The bogeyman, the monster under the bed, the creature lurking in the darkness waiting to pounce…
That’s what it feels like we have made Denial of Service attacks out to be.
What is a Denial of Service attack?
Pretty self explanatory.. attacks that are directed at removing the ability to use a service. Most commonly, we see Denial of Service attacks succeed by causing some form of resource exhaustion. This could be exhausting the memory on the application server, filling the network pipes, or a plethora of other options.
How are they done?
Let’s take a walk down memory lane. Think back, before the age of the Pentium. Imagine the monkeys in front of the obelisk, suddenly, through the quiet you can hear it. The dulcet tones and squeals of the mystical modem reach out for your favorite BBS. It’s a powerhouse BBS, with 5 incoming lines!
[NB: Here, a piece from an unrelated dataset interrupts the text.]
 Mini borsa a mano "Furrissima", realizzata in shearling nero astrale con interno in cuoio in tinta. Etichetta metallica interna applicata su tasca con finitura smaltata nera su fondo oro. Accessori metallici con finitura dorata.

Weird… you can’t connect. Try again.. and again.. and again. Still nothing but the busy tone. Two days pass, you still can’t get on. Two days without Legend of the Red Dragon? Unthinkable!
Unfortunately, the BBS admin pissed someone off. This someone set their dialer pools to continuously dial and keep all the lines busy. The BBS has now been effectively Denial of Serviced. Result: One pissed off monkey.
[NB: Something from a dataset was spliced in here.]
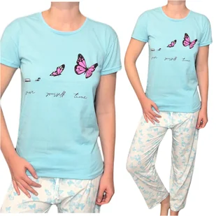 Urocza PIŻAMA DAMSKA długie spodnie krótki rękaw niebieski motyle XL

So, returning to modern day, how are DoS attacks done? It depends on what the attacker is attempting to exhaust. If they aiming for the application, it’s possible to do it with a small (sometimes only 1) attack machine.
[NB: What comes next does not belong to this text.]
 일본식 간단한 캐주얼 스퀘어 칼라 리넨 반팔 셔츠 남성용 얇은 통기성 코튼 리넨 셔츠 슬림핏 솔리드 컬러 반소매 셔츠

If targeting the network level, more often than not, attackers will use a "distributed” denial of service. Hence, the dreaded name DDoS. A distributed attack sources from multiple nodes, making it often more difficult to block and detect.
There are many different ways a DoS can occur, so for our purpose we’ll focus today on a simple Network level DoS.
How do we know we are under a Dos Attack?
Some indicators of a potential DoS attack:
Indicators to create baselines for: (Baseline being average value over selected period)
These are all listed as POTENTIAL indicators, as none of them necessarily mean that you are facing a DoS attack. Any of these hitting would need to be investigated and confirmed.
What do we do if we think we are under attack?
If the site is down, and you see a high amount of tcp-half open connections slamming your connection tables, you have a good probability that you are facing a syn-flood.
What to look at?
Connection Tables :
Looking for anomalous connections, connections not completing, single source or grouped source.
Is the memory spiking on the unit?
CPU spiked and out of cycles?
See the truth of what is happening on the wire!
Once you have determined you are under a DoS attack, and know the form of the attack, it’s time to implement the response plan. Each attack is slightly different from the last. The responses have to adapt with the attack.
Let’s do it in lab
I learn better by doing, so, here is a quick DoS lab I was playing with:
The attack du jour is a Syn-Flood. It’s a well known method and easy to implement as an attacker.
Well, we begin to notice the slight spike in connections, and decide its time to see what is going on here. I could go and and try to view the connection table, but that would add extra strain on the system. The information from the table wouldn’t provide to much value.
To get a gander at what is going on, I snag a tcpdump on the vlan (Ya, I know calling it “attackincoming” is somewhat cheating)
tcpdump -s0 -ni attackincoming -w /var/tmp/capture.pcap
The tcpdump shows pretty quick what is going on. This evil attacker is sending in a flood of syn packets and the box is attempting to SYN,ACK back. Of course, for this attack, they don’t have to even complete the handshake. When the SYN of the connection comes in, the server puts the connection into the conn table, and sends it’s SYN,ACK. You can see why sending a flood of SYN’s can effectively overload a box, as each entry takes memory and cpu.
Welp, we’ve got ourselves a massive SYN flood attack. Time to deal with it.
IP-Source limiting? Nope, range of IPs
Pull the Plug? Sure, best defense ever, just might anger the investors
Luckily, there is a a known defense for SYN-Flood. Daniel Bernstein came out with a pretty ingenious method of SYN protection. It essentially encodes the connection information in the sequence number of the SYN, ACK, then drops the SYN packet. No mess, no hanging entry in the connection table. (next generation: TCP Cookie Transactions) I’m going to change the SYN checking threshold to 16000. It will allow 16000 connections before implementing SYN Cookies.